Rates for UK youth unemployment have been falling sharply since the end of the pandemic. At the height of Covid just over 1 in 7 (13.7%) of the 16-24 age group were recorded as jobless. This had fallen to 10.6% for the first quarter of this year. Young people were the group worst affected by the previous downturn caused by the financial crisis when unemployment amongst 16-24 hit 20%, but in the months that followed, it halved. The jobless rate for 18–24-year-olds is now 9.4% – down from 12.4% a year before. Figures for the last quarter show 77.9% of this group working.
Official youth unemployment figures are complicated as they invariably include large numbers who remain in full-time education but work, or want to work part-time. If these are excluded this figure comes out even lower at 8.8%. There have also been further (albeit small) falls in those young people ‘economically inactive’. Figures for the last quarter show 77.9% of 18–24-year-olds not in full-time education, working. If students are included, then record numbers (63.6%) are in some sort of paid work.
While this may be welcome, these figures don’t tell us about the sort of jobs young people are going into. As previous posts have argued, many have filled low paid service sector roles vacated by Eastern European workers returning home post-Brexit, while student working has increased significantly as campuses and the hospitality sector have reopened post-pandemic. It’s also clear that as young people have returned to the labour market after Covid, they have found the balance between ‘core’ and ‘precarious’ employment continues to shift in the direction of the latter.

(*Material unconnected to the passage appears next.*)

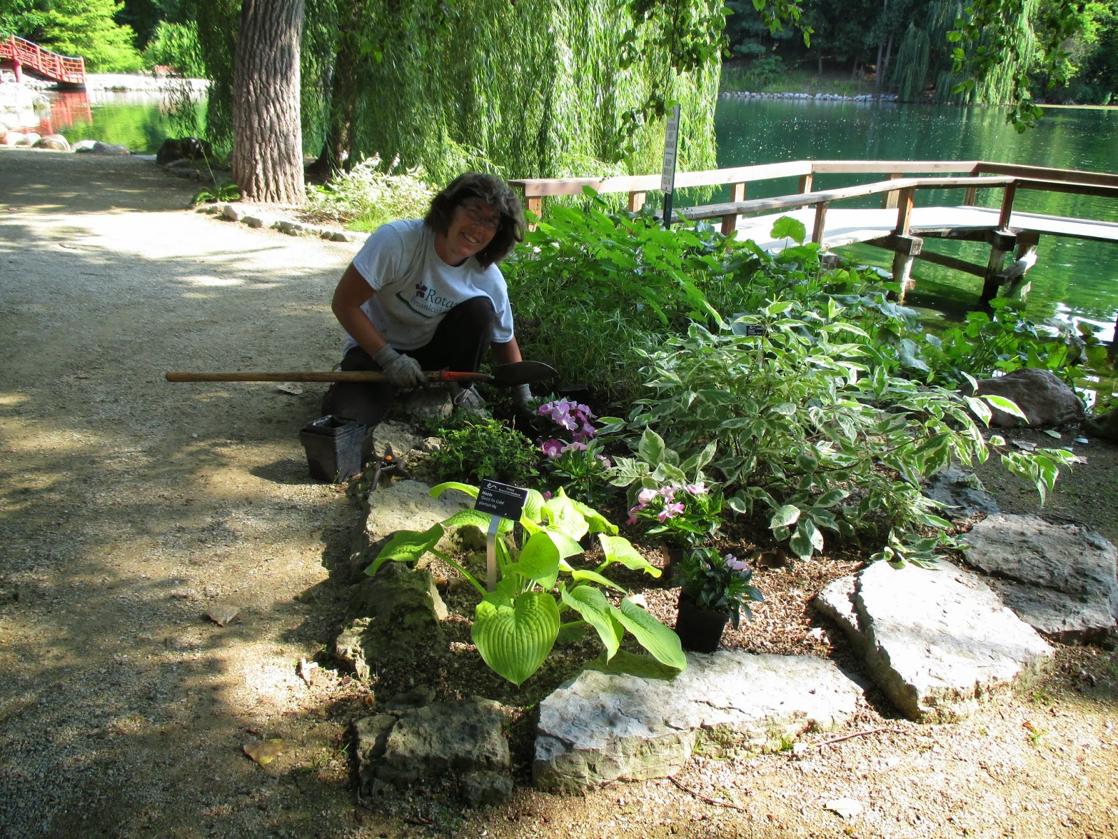 Our volunteers jumped right in to action today. Above is Kay (in blue) working the front entrance garden border. She's not shy about diving in and going after those weeds. The gaps between the original plantings are getting smaller but our volunteers have excellent balance! Not far from Kay were Kathy and Eva weeding for the second day along the entrance garden berm which had plenty of weeds disguising themselves throughout that massive planting. Vicki (seen below) did some significant planting and watering before joining Kay and Eva with their weeding project. Dr. Gredler (next photo down) and Bill O. did their mowing rounds today. Cookie and Resa tended the North point garden which is their assigned garden. That space is looking tidy and colorful. Shirley C. was also in this morning to take care of her garden space. Ron K. (third photo down) worked his kung fu in the woodland walk garden which continues to look very nice. We also saw Chuck S., Marsha M., Maury, Dr. Yahr, Bill O. (#2), Julie G. and many others today.

We also only have limited amounts of information about the extent of ‘churning’ – the rate at which somebody moves out of one job and into either another one, or back into temporary unemployment or economic inactivity –amongst young workers. High levels of churning are associated with economies in which more and more jobs are insecure and temporary. But if labour markets have tightened post pandemic, with the economy heading for a prolonged period of stagflation, if not outright recession as the Bank of England hikes up interest rates, (rather than mediating the cost-of-living crisis by reducing them!) then just like in the period after the financial crash it will be those young workers who have served as a ‘reserve army’ of labour who will exit the labour force first.
All the young NEETs
Unemployment statistics should also be seen as separate to those for NEETs (those ‘Not in Education, Employment, or Training’). Unlike falling unemployment, in the period since the financial crash, as the graph shows, NEET rates have not only stabilised but are now just 1.0% down on pre COVID levels. There has been a small increase in the first quarter of 2022, with the current total at just over 700,000 (an estimated 10.4% of all 16–24-year-olds still in this category, up 11,000 on the quarter (387,000 were men and 317,000 were women). According to ONS, only 230,000 NEETs can be classified as ‘unemployed’.

What is surprising and an issue for policy makers, is the number of 16- & 17-year-olds who are no longer in full time education but are being classified as ‘economically inactive’ – considering the ‘participation rate’ has been raised and you can only leave full-time education before 18 if you have work ‘with training’ (generally an apprenticeship). Yet the latest labour market figures show almost 1 in 12 in this category, but only about a third employed. This situation hasn’t changed significantly from 10 years ago when 15% of the age group left education at 16 ( they were then legally allowed to do so) but only 40% of these 16-17 year olds were in employment.